Bawaslu mengimbau, penyampaian pendapat pada peringatan Hari Buruh 2018 tidak disisipkan materi kampanye pilkada maupun pemilu. Materi yang dimaksud adalah menyampaikan orasi dalam bentuk terbuka maupun menggunakan alat peraga, seperti spanduk, poster, ataupun selebaran.

4 dari 4 halaman

Suara Buruh Perempuan di Aksi May Day

Para buruh perempuan juga tidak ketinggalan menggelar aksi dalam perayaan May Day 2018.

Aksi buruh perempuan diikuti oleh Jala PRT, Federasi Buruh Lintas Pabrik, Serikat SINDIKASI, Perempuan Mahardhika, Solidaritas Perempuan, Serikat Pekerja Nasional (SPN) PT Pancaprima EkaBrothers, PurpleCode Collective, Kalyanamitra, Emancipate, JOUDI Foundation, Aliansi Remaja Independen (ARI), LBH APIK, Institut Perempuan, Seperti Pagi Foundation, Jakarta Feminist Discussion Group (JFDG), perEMPUan, dan www.Konde.co.
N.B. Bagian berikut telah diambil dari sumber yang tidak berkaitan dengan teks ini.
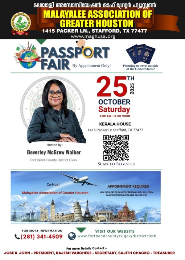 ByStaff ReporterOctober 22, 2025ഹൂസ്റ്റൺ (ടെക്സസ്): ഗ്രേറ്റർ ഹൂസ്റ്റൺ മലയാളി അസോസിയേഷൻ്റെയും (MAGH) ഫോർട്ട് ബെൻഡ് കൗണ്ടി ഡിസ്ട്രിക്ട് ക്ലർക്ക് ബെവർലി മക്ഗ്രെവ് വാൾക്കറുടേയും സംയുക്ത നേതൃത്വത്തിൽ പാസ്പോർട്ട് ഫെയർ സംഘടിപ്പിക്കുന്നു. 2025 ഒക്ടോബർ 25...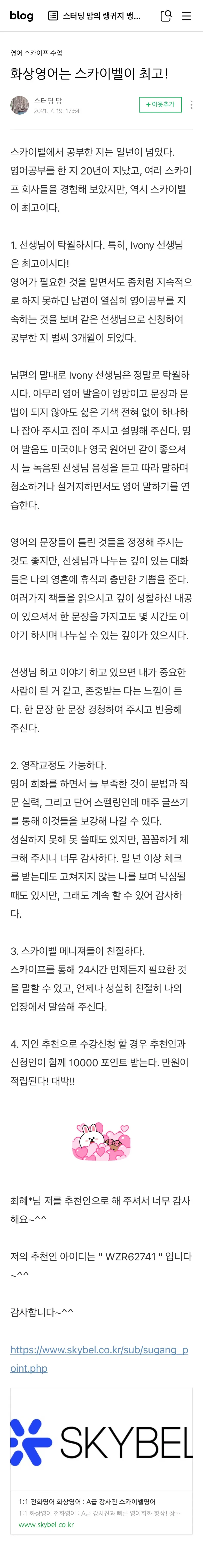 "20년 영어 공부 중 여기가 최고"라는 극찬을 보내주신 회원님처럼, 여러분도 단순한 학습을 넘어 자존감까지 높아지는 경험을 스카이벨을 통해 해보셨으면 좋겠습니다.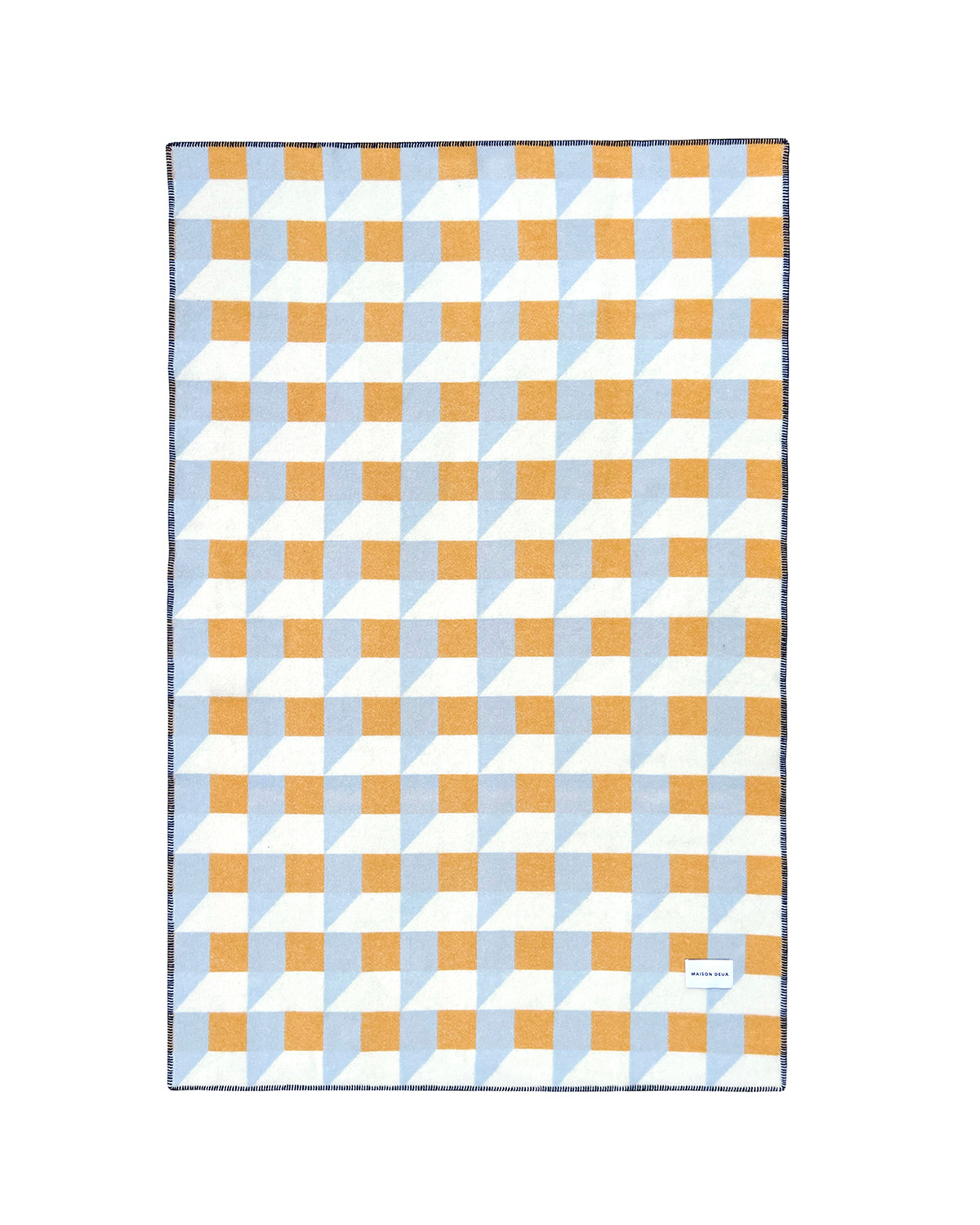 Blanket CUBICS Blue / Honey Print 4.25 x 6.5 ft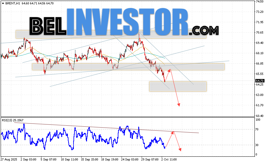 Нефть прогноз Brent на 3 октября 2025 предполагает попытку теста уровня сопротивления вблизи области 65.85. Далее, продолжение падения нефти с целью ниже уровня 61.65. В пользу снижения актива выступит тест линии тренда на индикаторе относительной силы. Отменой варианта падения цены нефти Brent станет сильный рост и пробой уровня 68.25. Это укажет на продолжение подъёма котировок в область выше уровня 75.05.
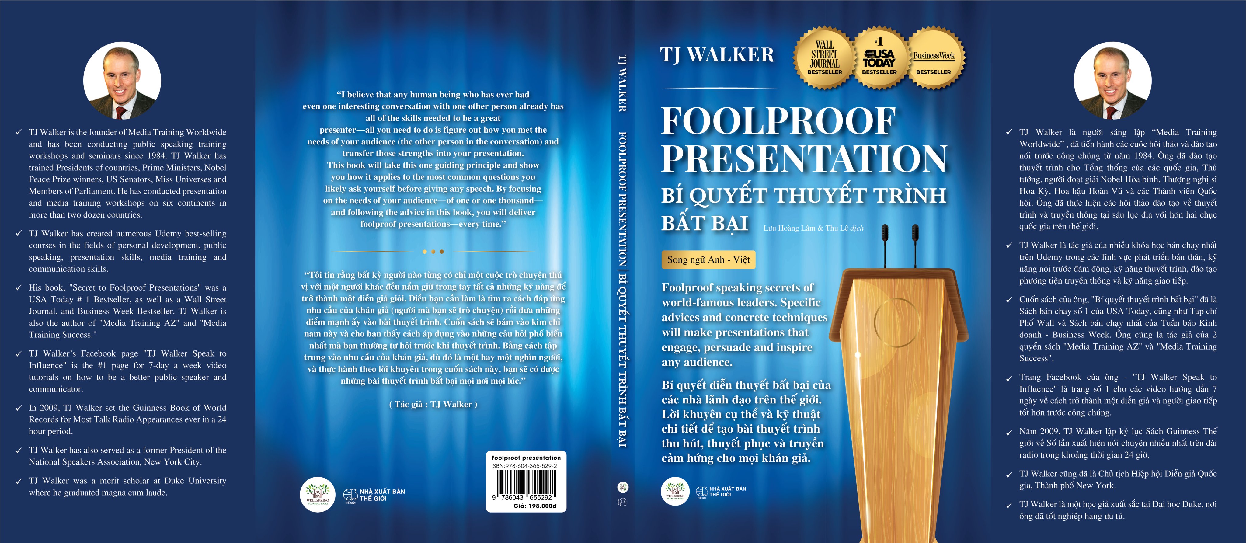 Sách - Bí Quyết Thuyết Trình Bất Bại   TJ Walker là một bậc thầy về thuyết trình. Ông không những là diễn giả mà còn là người dẫn chương trình, sản xuất chương trình truyền hình và tham gia đào tạo thuyết trình. Ông cũng sở hữu một công ty chuyên đào tạo về kỹ năng phát biểu trước đám đông.    Trong cuốn sách thuyết trình bất bại, ông sẽ hướng dẫn bạn cách để thuyết trình một cách trôi chảy và mang lại hiệu quả cả cho bản thân và người nghe. Thuyết trình là kỹ năng mà bất kỳ ai cũng có thể học tập và rèn luyện. Có thể các tổng thống Mỹ giỏi và tài năng ở những lĩnh vực riêng, hay các nhà khoa học cũng vậy. Nhưng họ đều có chung một kỹ năng cần rèn luyện là thuyết trình. Một bài thuyết trình tốt sẽ giúp người nói truyền tải được thông tin và người nghe lĩnh hội được những thông tin quan trọng.   Hãy bỏ qua tất cả những gì bạn biết về việc thuyết trình. Chỉ với 6 vấn đề đơn giản, TJ Walker sẽ giúp bạn trở thành một tay thuyết trình xuất sắc trong hàng ngũ những người thuyết trình siêu hạng như Bill Clinton, Churchill hay Tony Robbins.   Sách song ngữ Anh – Việt giúp bạn rèn luyện cả việc thuyết trình bằng cả hai thứ tiếng.   Thông tin tác giả:   TJ Walker là Giám đốc điều hành của Tập đoàn TJWalker đồng thời là người sáng lập công ty Media Training Worldwide. Ông đã tham gia đào tạo về kỹ năng diễn thuyết, thuyết trình và làm việc với giới truyền thông qua nhiều nỗ lực khác nhau. Một số thành tựu chính có thể kể đến:   Diễn giả – TJ đã thực hiện hơn một trăm bài diễn thuyết và các buổi đào tạo mỗi năm về chủ đề quản lý, giao tiếp, truyền thông và kỹ năng thuyết trình. Bài diễn thuyết nổi tiếng nhất của ông có tên: “Vị thế nổi bật: Bí quyết diễn thuyết của các nhà lãnh đạo trên thế giới.   Người dẫn chương trình và nhà sản xuất truyền hình – TJ là người dẫn chương trình của hai chương trình truyền hình phát sóng hàng ngày trên kênh The Speaking Channel (www. ). Chương trình có tên “Vị thế nổi bật: Bí quyết diễn thuyết của các nhà lãnh đạo trên thế giới” bao gồm các đoạn ghi hình ngắn về những cái tên nổi tiếng như Franklin Roosevelt và Ronald Reagan. Chương trình mang tên “Trò chuyện cùng TJ Walker” mang tới nhiều lời khuyên súc tích và thực tế trong mọi khía cạnh của kỹ năng thuyết trình  trước đám đông và đối mặt với truyền thông.   Mã hàng              9786043655292 Dự Kiến Có Hàng               17/12/2022 Tên Nhà Cung Cấp           Alpha Books Tác giả  Tj Walker Người Dịch          Nhiều Dịch Giả NXB       Thế Giới Năm XB 2022 Trọng lượng (gr)               250 Kích Thước Bao Bì            24 x 16 cm Số trang               216 Hình thức            Bìa Mềm Sản phẩm bán chạy nhất               Top 100 sản phẩm Kỹ năng sống bán chạy của tháng

Buruh perempuan menuntut pemerintah untuk memberikan dukungan atas advokasi penghentian kekerasan di dunia kerja, dan tidak melakukan pembiaran atas kekerasan di dunia kerja.

Mereka juga menuntut pengusaha, majikan atau pemberi kerja untuk tidak melakukan kekerasan terhadap buruh perempuan yang terjadi di dunia kerja. Baik itu yang bekerja di domestik maupun publik.
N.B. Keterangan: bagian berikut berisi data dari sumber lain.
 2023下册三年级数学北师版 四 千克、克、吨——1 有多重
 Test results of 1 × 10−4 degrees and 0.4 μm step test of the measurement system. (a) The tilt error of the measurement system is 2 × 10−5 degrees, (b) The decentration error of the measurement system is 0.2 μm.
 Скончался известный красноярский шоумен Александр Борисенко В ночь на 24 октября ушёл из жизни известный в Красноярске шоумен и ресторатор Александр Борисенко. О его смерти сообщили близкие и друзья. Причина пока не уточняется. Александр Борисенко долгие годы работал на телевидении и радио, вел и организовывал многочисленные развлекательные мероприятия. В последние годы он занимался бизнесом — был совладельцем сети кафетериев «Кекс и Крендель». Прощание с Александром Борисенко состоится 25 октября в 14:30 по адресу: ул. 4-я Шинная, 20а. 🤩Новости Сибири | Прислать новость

Kaum perempuan yang bekerja sebagai pekerja rumah tangga juga masih belum dianggap sebagai pekerja, buruh, maupun pekerja lepas. Tidak adanya pengakuan itu membuat pekerja rumah tangga tidak memiliki hak perlindungan kerja yang layak.
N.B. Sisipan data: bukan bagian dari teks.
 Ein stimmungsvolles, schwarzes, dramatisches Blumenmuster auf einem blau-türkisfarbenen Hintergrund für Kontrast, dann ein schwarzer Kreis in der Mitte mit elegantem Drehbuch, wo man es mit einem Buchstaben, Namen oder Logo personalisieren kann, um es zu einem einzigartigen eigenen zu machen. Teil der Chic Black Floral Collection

"Mereka masih kerap disebut pembantu. Status pekerja yang hilang bagi pekerja rumah tangga merupakan bagian dari konsekuensi anggapan kerja domestik tidak diakui sebagai sebuah pekerjaan," kata Koordinator Nasional Jaringan Nasional Advokasi Pekerja Rumah Tangga (JALA PRT) Lita Anggraini.